EXERCISE OBJECTIVE. The result should be the lines from the one holding "报告会后,阿戈斯蒂尼参观了物" to the final line of the records below, repeated exactly and with no pictures.

Excerpts from a dataset:
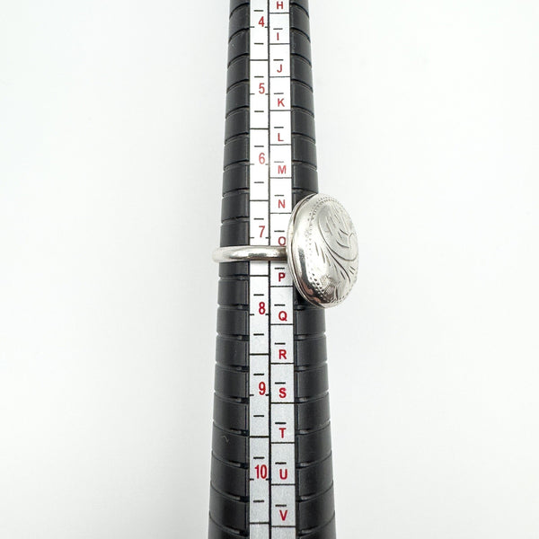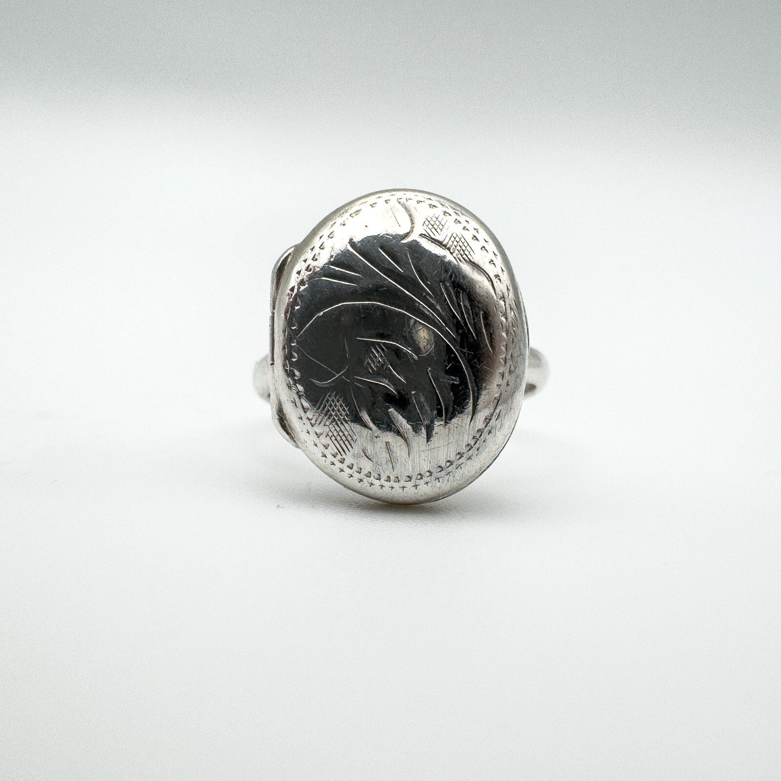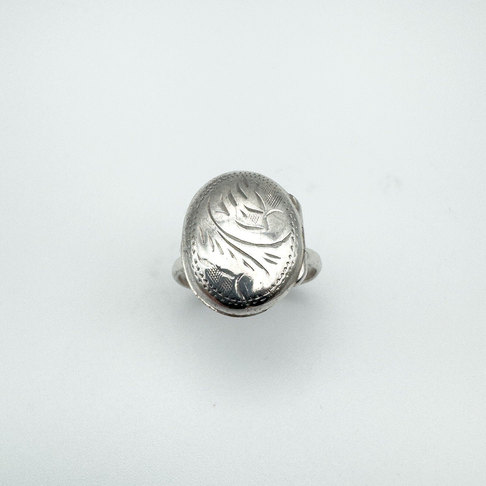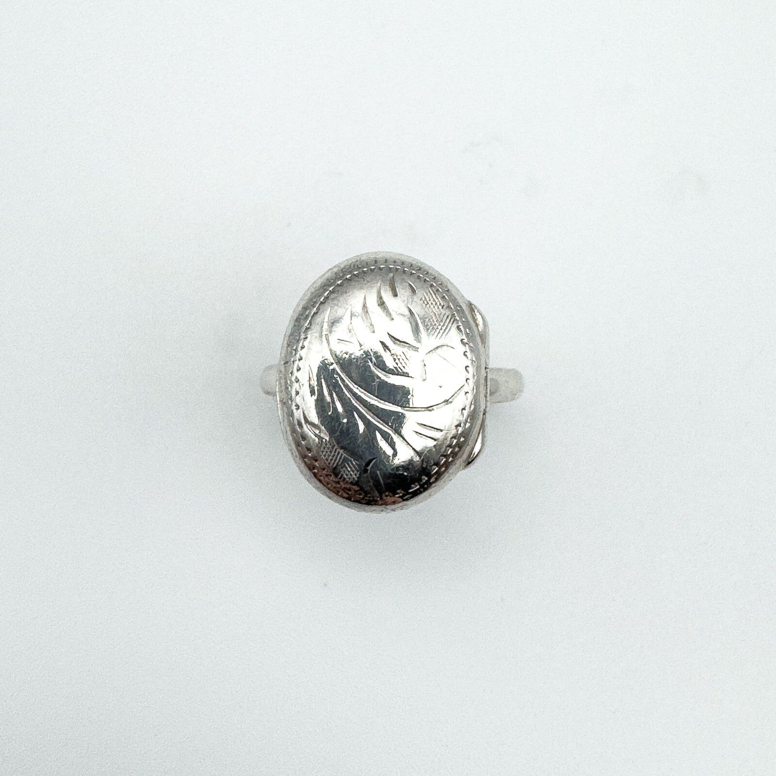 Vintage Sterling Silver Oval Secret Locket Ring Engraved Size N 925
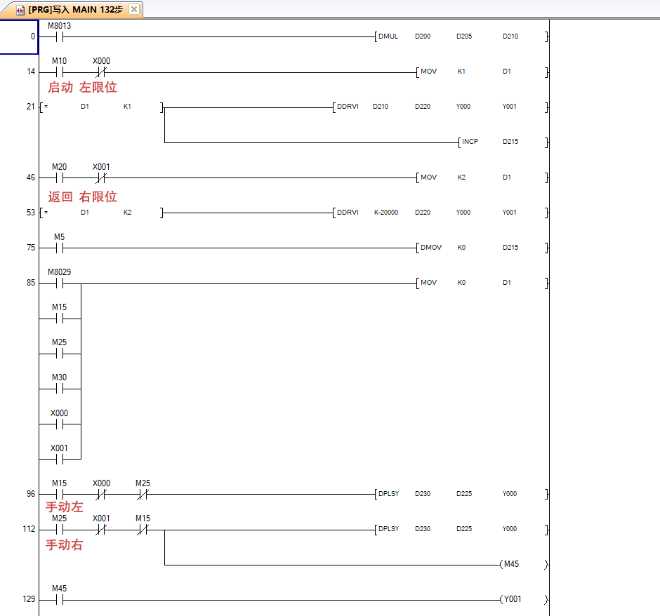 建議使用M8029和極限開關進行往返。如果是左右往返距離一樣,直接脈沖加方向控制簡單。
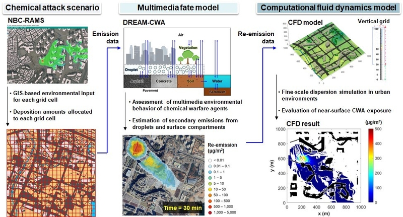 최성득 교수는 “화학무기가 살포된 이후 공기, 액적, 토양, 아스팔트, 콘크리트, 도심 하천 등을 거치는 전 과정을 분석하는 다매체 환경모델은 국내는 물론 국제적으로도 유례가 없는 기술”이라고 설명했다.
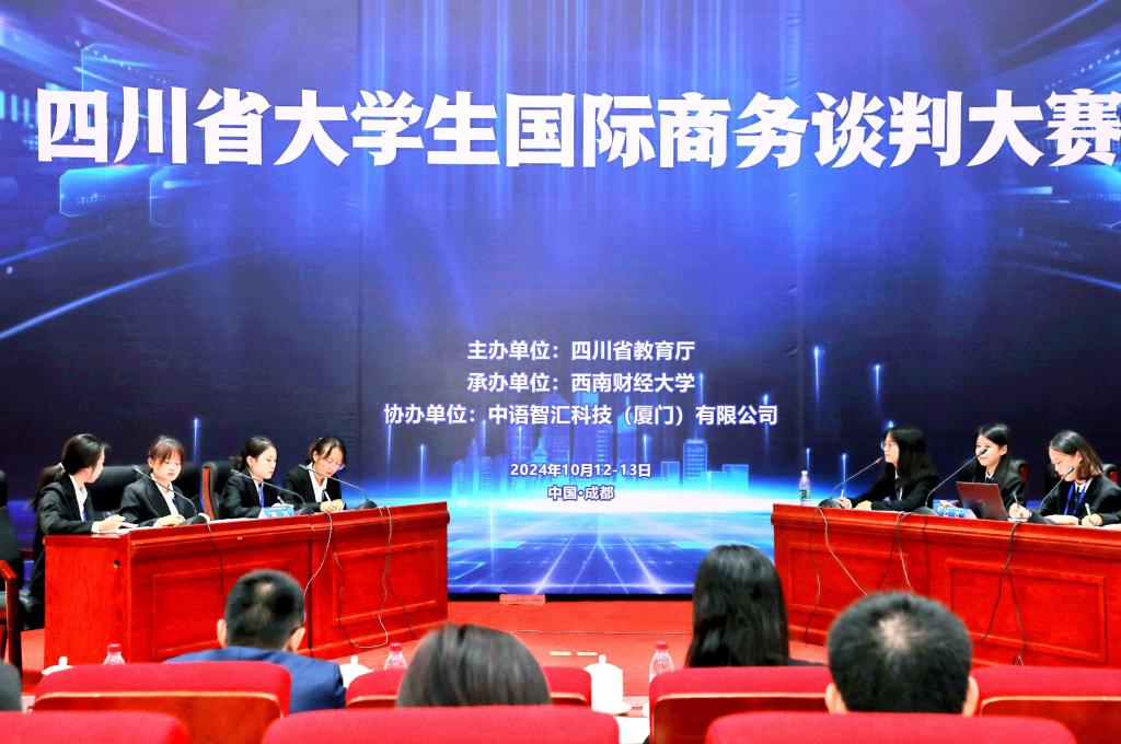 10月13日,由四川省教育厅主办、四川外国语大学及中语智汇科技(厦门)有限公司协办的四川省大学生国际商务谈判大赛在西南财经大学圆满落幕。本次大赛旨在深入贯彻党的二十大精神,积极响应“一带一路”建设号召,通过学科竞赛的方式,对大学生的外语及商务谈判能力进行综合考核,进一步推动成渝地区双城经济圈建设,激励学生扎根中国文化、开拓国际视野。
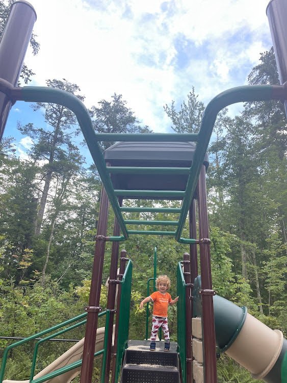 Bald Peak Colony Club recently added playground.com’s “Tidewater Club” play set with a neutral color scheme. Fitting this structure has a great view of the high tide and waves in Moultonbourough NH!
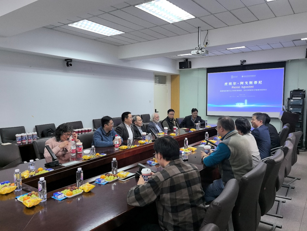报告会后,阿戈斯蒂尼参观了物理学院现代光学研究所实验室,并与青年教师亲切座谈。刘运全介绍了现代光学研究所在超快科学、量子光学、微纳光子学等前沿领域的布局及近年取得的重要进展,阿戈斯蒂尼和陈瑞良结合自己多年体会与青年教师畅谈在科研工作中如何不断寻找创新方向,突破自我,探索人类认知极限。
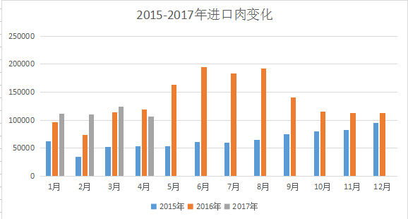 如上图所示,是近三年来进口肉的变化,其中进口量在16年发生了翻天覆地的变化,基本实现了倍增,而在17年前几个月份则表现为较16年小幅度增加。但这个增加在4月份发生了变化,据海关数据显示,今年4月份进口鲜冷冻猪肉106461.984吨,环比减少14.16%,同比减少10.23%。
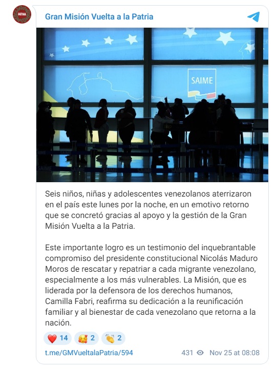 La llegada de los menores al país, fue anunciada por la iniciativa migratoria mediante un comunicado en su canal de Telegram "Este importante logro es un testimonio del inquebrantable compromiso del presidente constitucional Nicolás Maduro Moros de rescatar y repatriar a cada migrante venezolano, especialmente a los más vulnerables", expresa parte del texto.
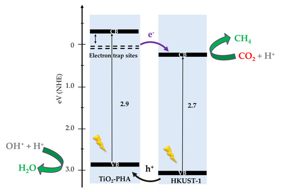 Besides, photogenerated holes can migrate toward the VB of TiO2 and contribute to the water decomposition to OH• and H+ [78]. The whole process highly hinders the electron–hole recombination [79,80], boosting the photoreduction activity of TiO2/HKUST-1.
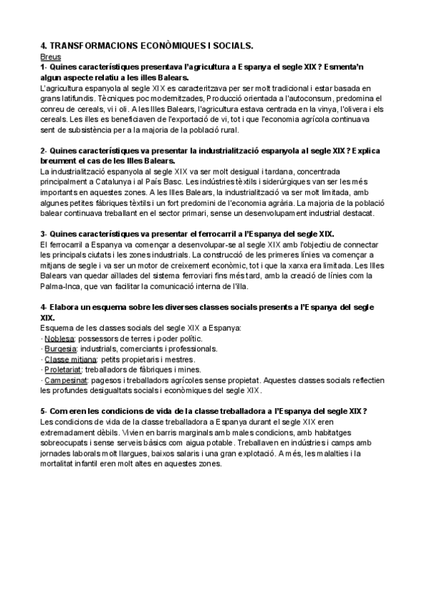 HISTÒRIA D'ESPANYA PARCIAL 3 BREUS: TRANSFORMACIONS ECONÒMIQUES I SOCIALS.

ANSWER SPACE.
报告会后,阿戈斯蒂尼参观了物理学院现代光学研究所实验室,并与青年教师亲切座谈。刘运全介绍了现代光学研究所在超快科学、量子光学、微纳光子学等前沿领域的布局及近年取得的重要进展,阿戈斯蒂尼和陈瑞良结合自己多年体会与青年教师畅谈在科研工作中如何不断寻找创新方向,突破自我,探索人类认知极限。
 如上图所示,是近三年来进口肉的变化,其中进口量在16年发生了翻天覆地的变化,基本实现了倍增,而在17年前几个月份则表现为较16年小幅度增加。但这个增加在4月份发生了变化,据海关数据显示,今年4月份进口鲜冷冻猪肉106461.984吨,环比减少14.16%,同比减少10.23%。
 La llegada de los menores al país, fue anunciada por la iniciativa migratoria mediante un comunicado en su canal de Telegram "Este importante logro es un testimonio del inquebrantable compromiso del presidente constitucional Nicolás Maduro Moros de rescatar y repatriar a cada migrante venezolano, especialmente a los más vulnerables", expresa parte del texto.
 Besides, photogenerated holes can migrate toward the VB of TiO2 and contribute to the water decomposition to OH• and H+ [78]. The whole process highly hinders the electron–hole recombination [79,80], boosting the photoreduction activity of TiO2/HKUST-1.
 HISTÒRIA D'ESPANYA PARCIAL 3 BREUS: TRANSFORMACIONS ECONÒMIQUES I SOCIALS.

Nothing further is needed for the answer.